Stored items
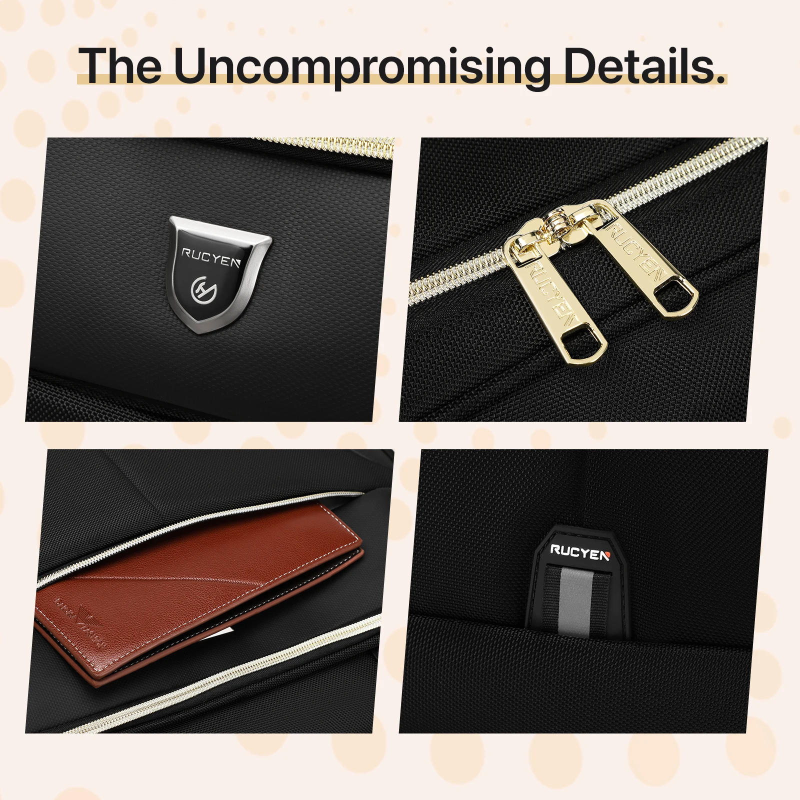 3.Three individually separated oversized spaces with luggage space to hold and secure your clothes, shoes and more, and a waterproof pocket for separate overnight toiletries. It can store 15.6-inch laptops and other electronic products, and has a thick bumper compartment to protect your electronic products. Can store your books, documents, certificates.
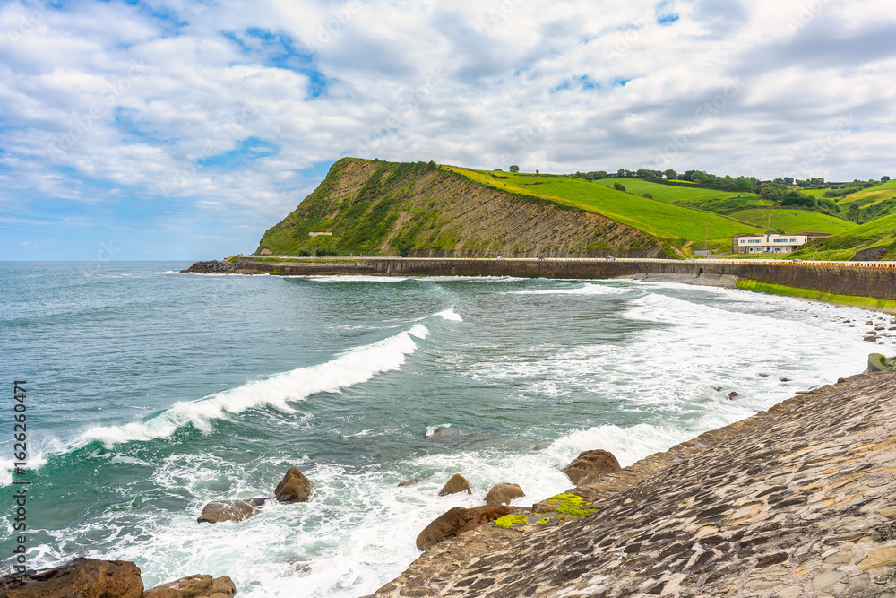 Seascape of the northern coast of Spain, in the town of Zumaia, Basque Country.
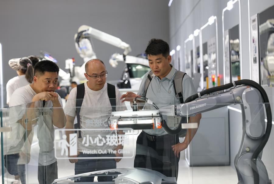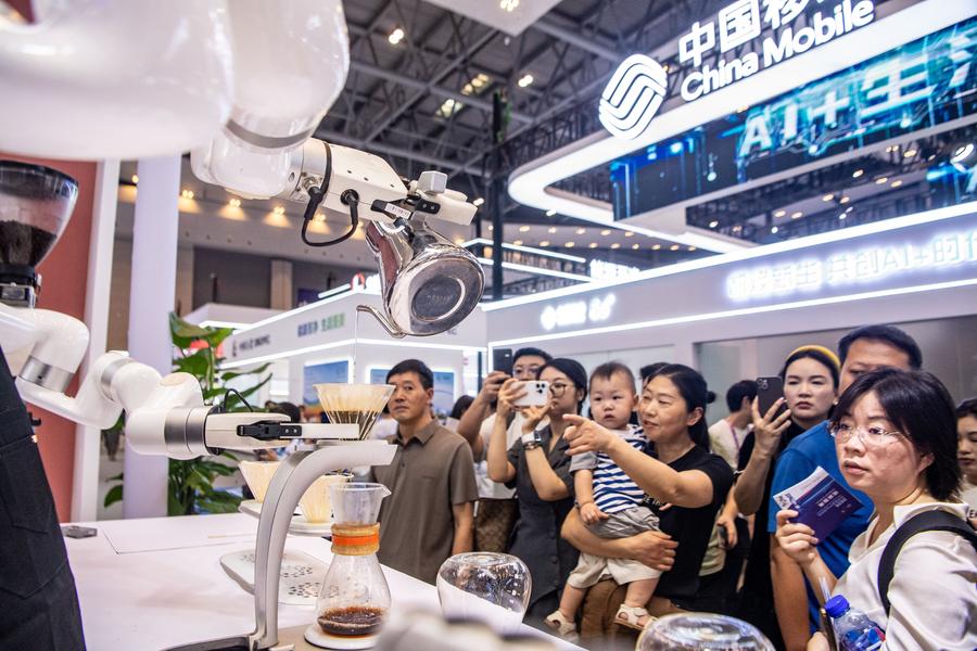 A visitor touches a robot at the venue of the World Smart Industry Expo 2025 in southwest China's Chongqing, Sept. 5, 2025. (Xinhua/Chen Cheng)This photo taken on Sept. 5, 2025 shows smart inspection devices for electric equipment at the venue of the World Smart Industry Expo 2025 in southwest China's Chongqing. (Xinhua/Huang Wei)Visitors watch a robot boxing game at the venue of the World Smart Industry Expo 2025 in southwest China's Chongqing, Sept. 5, 2025. (Xinhua/Huang Wei)A robot makes coffee for visitors at the venue of the World Smart Industry Expo 2025 in southwest China's Chongqing, Sept. 5, 2025. (Xinhua/Tang Yi)A robot interacts with visitors at the venue of the World Smart Industry Expo 2025 in southwest China's Chongqing, Sept. 5, 2025. (Xinhua/Tang Yi)A visitor tries a smart hybrid aircraft at the venue of the World Smart Industry Expo 2025 in southwest China's Chongqing, Sept. 5, 2025. (Xinhua/Tang Yi)A visitor tries VoloCity, an air taxi, at the venue of the World Smart Industry Expo 2025 in southwest China's Chongqing, Sept. 5, 2025. (Xinhua/Tang Yi)Visitors learn about an industrial robot at the venue of the World Smart Industry Expo 2025 in southwest China's Chongqing, Sept. 5, 2025. (Xinhua/Chen Cheng)Robot players compete during a 3v3 robot football match at the World Smart Industry Expo 2025 in southwest China's Chongqing, Sept. 5, 2025. (Xinhua/Chen Cheng)A robot brews coffee during the World Smart Industry Expo 2025 in southwest China's Chongqing, Sept. 5, 2025. (Xinhua/Wang Quanchao)A staff member demonstrates a 3D tracking scanner during the World Smart Industry Expo 2025 in southwest China's Chongqing, Sept. 5, 2025. (Xinhua/Chen Cheng)This photo taken on Sept. 5, 2025 shows a view of the World Smart Industry Expo 2025 in southwest China's Chongqing. (Xinhua/Huang Wei)■
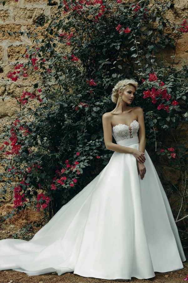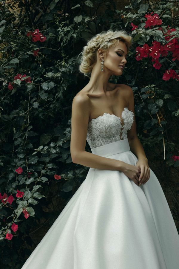 La parte superiore del corpino è caratterizzata da un profondo scollo a cuore, interamente in pizzo ricamato con intarsi di cristalli e swarovski, creando un intricato gioco di ramage floreali. Le coppe autoreggenti assicurano sostegno e vestibilità, enfatizzando il décolleté con grazia.
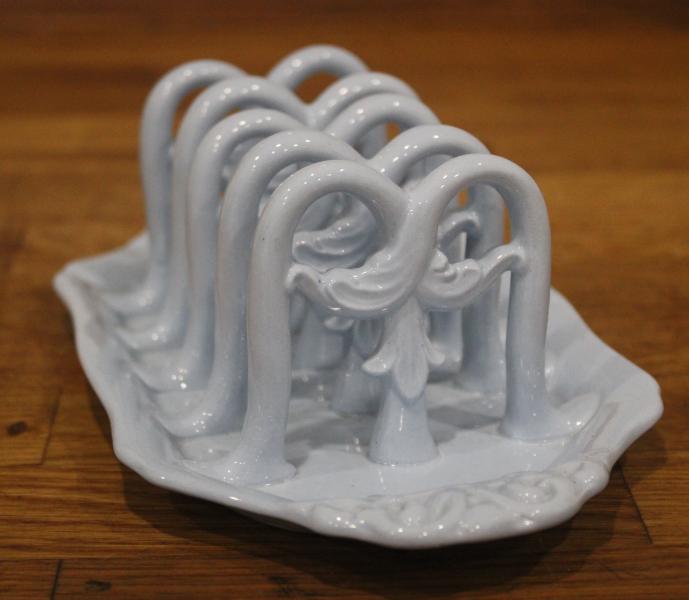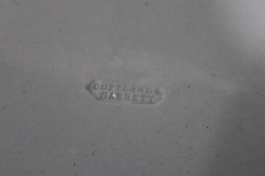 Over the years we have had a number of these solid body colour toast racks. Have seen them in this blue , a green and buff drab colour so it was a surprise to turn this one over and impressed mark COPELAND & GARRETT. c.1833-47.

▶ Task statement
Could you set down the data exactly as given, minus its pictures?

▶ Reply
 3.Three individually separated oversized spaces with luggage space to hold and secure your clothes, shoes and more, and a waterproof pocket for separate overnight toiletries. It can store 15.6-inch laptops and other electronic products, and has a thick bumper compartment to protect your electronic products. Can store your books, documents, certificates.
 Seascape of the northern coast of Spain, in the town of Zumaia, Basque Country.
 A visitor touches a robot at the venue of the World Smart Industry Expo 2025 in southwest China's Chongqing, Sept. 5, 2025. (Xinhua/Chen Cheng)This photo taken on Sept. 5, 2025 shows smart inspection devices for electric equipment at the venue of the World Smart Industry Expo 2025 in southwest China's Chongqing. (Xinhua/Huang Wei)Visitors watch a robot boxing game at the venue of the World Smart Industry Expo 2025 in southwest China's Chongqing, Sept. 5, 2025. (Xinhua/Huang Wei)A robot makes coffee for visitors at the venue of the World Smart Industry Expo 2025 in southwest China's Chongqing, Sept. 5, 2025. (Xinhua/Tang Yi)A robot interacts with visitors at the venue of the World Smart Industry Expo 2025 in southwest China's Chongqing, Sept. 5, 2025. (Xinhua/Tang Yi)A visitor tries a smart hybrid aircraft at the venue of the World Smart Industry Expo 2025 in southwest China's Chongqing, Sept. 5, 2025. (Xinhua/Tang Yi)A visitor tries VoloCity, an air taxi, at the venue of the World Smart Industry Expo 2025 in southwest China's Chongqing, Sept. 5, 2025. (Xinhua/Tang Yi)Visitors learn about an industrial robot at the venue of the World Smart Industry Expo 2025 in southwest China's Chongqing, Sept. 5, 2025. (Xinhua/Chen Cheng)Robot players compete during a 3v3 robot football match at the World Smart Industry Expo 2025 in southwest China's Chongqing, Sept. 5, 2025. (Xinhua/Chen Cheng)A robot brews coffee during the World Smart Industry Expo 2025 in southwest China's Chongqing, Sept. 5, 2025. (Xinhua/Wang Quanchao)A staff member demonstrates a 3D tracking scanner during the World Smart Industry Expo 2025 in southwest China's Chongqing, Sept. 5, 2025. (Xinhua/Chen Cheng)This photo taken on Sept. 5, 2025 shows a view of the World Smart Industry Expo 2025 in southwest China's Chongqing. (Xinhua/Huang Wei)■
 La parte superiore del corpino è caratterizzata da un profondo scollo a cuore, interamente in pizzo ricamato con intarsi di cristalli e swarovski, creando un intricato gioco di ramage floreali. Le coppe autoreggenti assicurano sostegno e vestibilità, enfatizzando il décolleté con grazia.
 Over the years we have had a number of these solid body colour toast racks. Have seen them in this blue , a green and buff drab colour so it was a surprise to turn this one over and impressed mark COPELAND & GARRETT. c.1833-47.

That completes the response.